Now let's properly evaluate Prophet predictive strenght using cross-validation (CV). It is always tricky to cross-validate a time series. Here I used the following strategy: a model is fit on the data since the day 0 till the day $X_k$, then the model is evaluated on the data from the day $X_k$ till the day $X_{k+1}$. The plot below shows CV SMAPE evaluated on quaterly CV folds, ranging from 2015 Q1 to 2017 Q4.

While in-sample SMAPE is quite stable, out-of-sample SMAPE varies quite a lot: it ranges from 11 to 18. Unfortunately, the worst performace is always in the first quarter of the year - and evaluation period for the submission is 2018 Q1.

In [None]:
prophet_cv = pd.read_csv('../input/sales-prophet-cv-2017/cv_prophet_yk.csv', index_col=[0,1,2,3])
display(prophet_cv.head(3))
print('N rows = ', prophet_cv.shape[0])

In [None]:
def show_cv_sampe_agg(data_cv):
    cv_error = data_cv.groupby(['cv_fold', 'sample']).apply(smape_df)
    display(pd.DataFrame(cv_error).T)
    source_index = cv_error[:, 'oos'].index
    source_in = ColumnDataSource(data=pd.DataFrame(cv_error[:, 'in'],
                                                   index=source_index,
                                                   columns=['smape']))
    source_oos = ColumnDataSource(data=pd.DataFrame(cv_error[:, 'oos'], 
                                                   index=source_index,
                                                   columns=['smape']))
    p = figure(plot_width=750, plot_height=250, title="Prophet CV SMAPE", 
               x_range=source_index.values, tools="pan,wheel_zoom,reset")
    p.xaxis.major_label_orientation = -np.pi / 4
    l1 = p.circle(x='cv_fold', y='smape', source=source_in, legend='in-sample', size=7)
    l2 = p.circle(x='cv_fold', y='smape', source=source_oos, color='red', legend='out-of-sample', size=6)
    p.legend.click_policy="hide"
    p.add_tools(HoverTool(tooltips=[('smape', '@smape')], renderers=[l1, l2], mode='mouse'))
    bokeh.io.show(p)
    
show_cv_sampe_agg(prophet_cv)

If we take a closer look at one CV fold, we can see a clear monthly seasonal pattern for both in- and out-of-sample fit.

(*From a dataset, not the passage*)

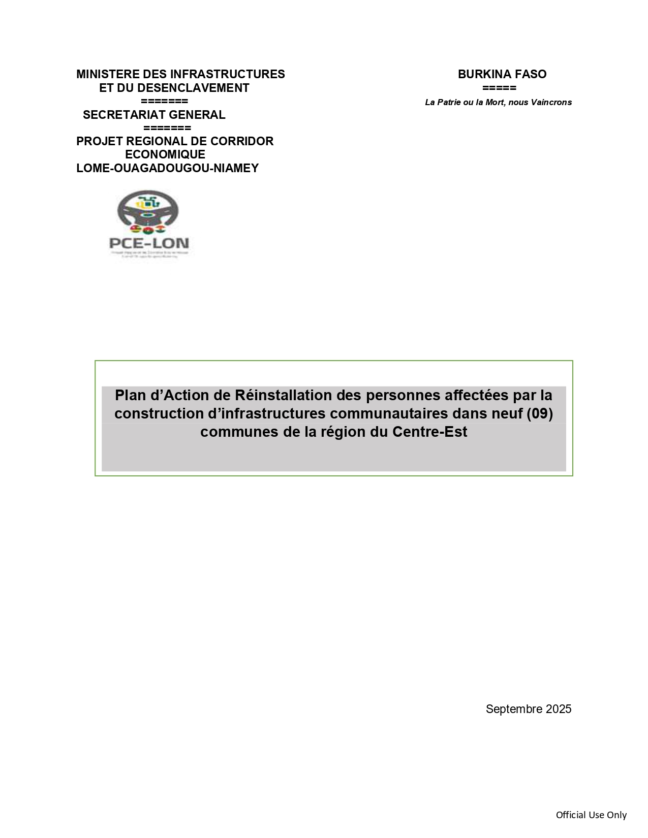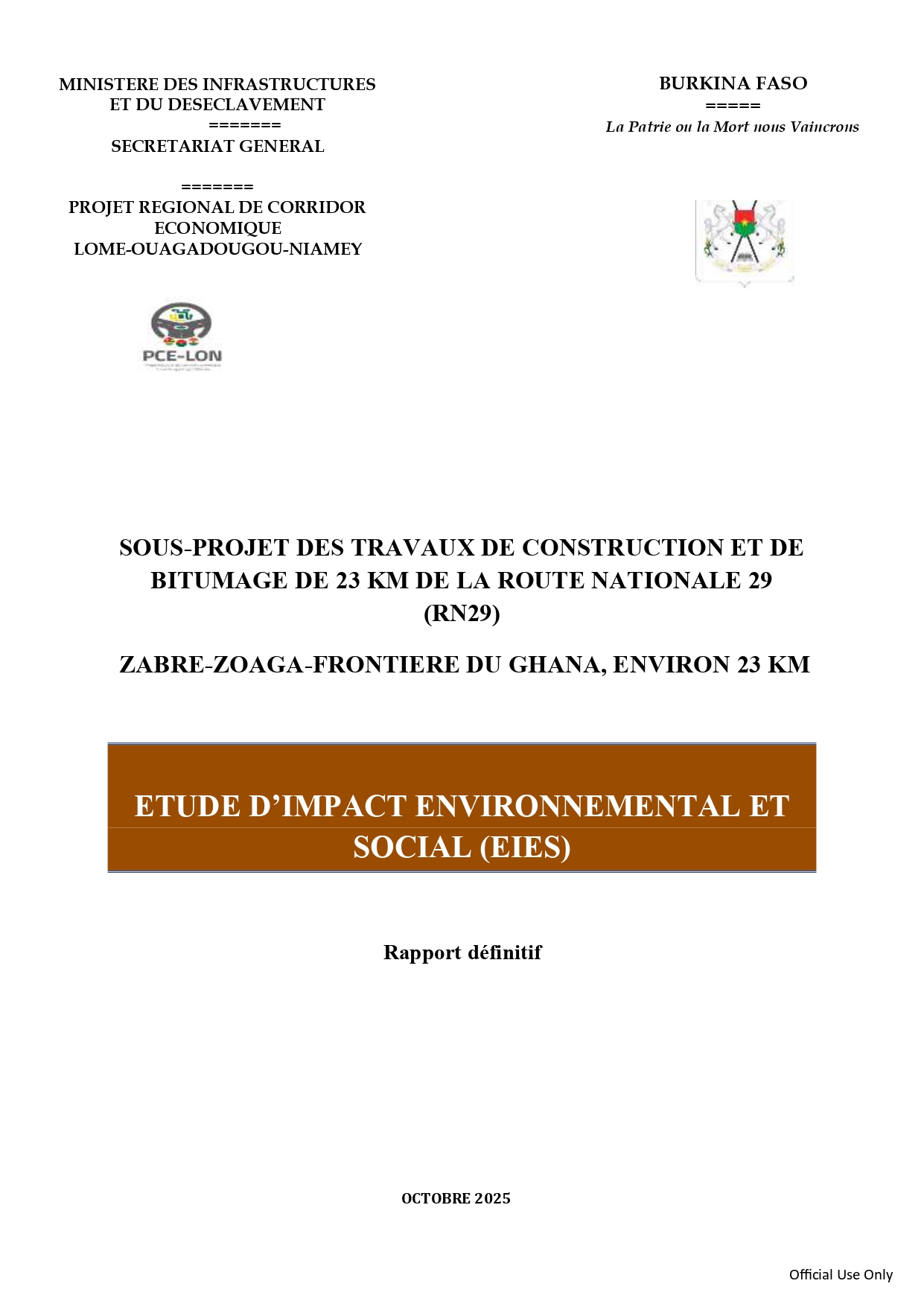 Rapport d'étude d'impact environnemental et social de la RN29 - Zabré - Zoaga - Frontière du Ghana Plan d'action de réinstallation des infrastructures socioéconomiques Etudes techniques Etudes techniques Etudes techniques Etudes techniques Etudes techniques Etudes techniques Etudes techniques Etudes techniques Etudes techniques Etudes techniques Etudes techniques Etudes techniques

We saw that sales volatility is higher in winter - so worse in-sample fit in winter is to be expected. High monthly osciliations out-of-sample are more difficult to interpret. There a number of possible explanations: whether we could not fit monthly seasonality properly, or we overfit yearly seasonality, or our trend does not generalize well, or it is once again due to osciliations in volatility...
 
Overall, however, there are no obvious red flags.

In [None]:
def show_cv_smape_by_time(data_cv, cutoff_eval):
    df = pd.DataFrame({'smape_in': data_cv.query('cv_fold == @cutoff_eval & sample == "in"').groupby(['ds']).apply(smape_df),
                       'smape_oos': data_cv.query('cv_fold == @cutoff_eval & sample == "oos"').groupby(['ds']).apply(smape_df)
                       })
    df['smape_in_smooth'] = lowess(df.smape_in, range(df.shape[0]), frac=0.015, return_sorted=False)
    df['smape_oos_smooth'] = lowess(df.smape_oos, range(df.shape[0]), frac=0.15, return_sorted=False)
    df.index = pd.to_datetime(df.index)

    source = ColumnDataSource(df)
    p = figure(plot_width=750, plot_height=200, title="Prophet SMAPE by time: {} cv fold".format(cutoff_eval),
               x_axis_type='datetime', tools="pan,wheel_zoom,reset")
    sm1 = p.line(x='ds', y='smape_in_smooth', source=source, color='green')
    sm2 = p.line(x='ds', y='smape_oos_smooth', source=source, color='red')
    p.add_tools(HoverTool(tooltips=[('smape', '@smape_in')], renderers=[sm1], mode='vline', line_policy='interp'))
    p.add_tools(HoverTool(tooltips=[('smape', '@smape_oos')], renderers=[sm2], mode='vline', line_policy='interp'))
    # p.yaxis[0].ticker.desired_num_ticks = 2
    bokeh.io.show(p)
    
show_cv_smape_by_time(prophet_cv, cutoff_eval="2017-04-01")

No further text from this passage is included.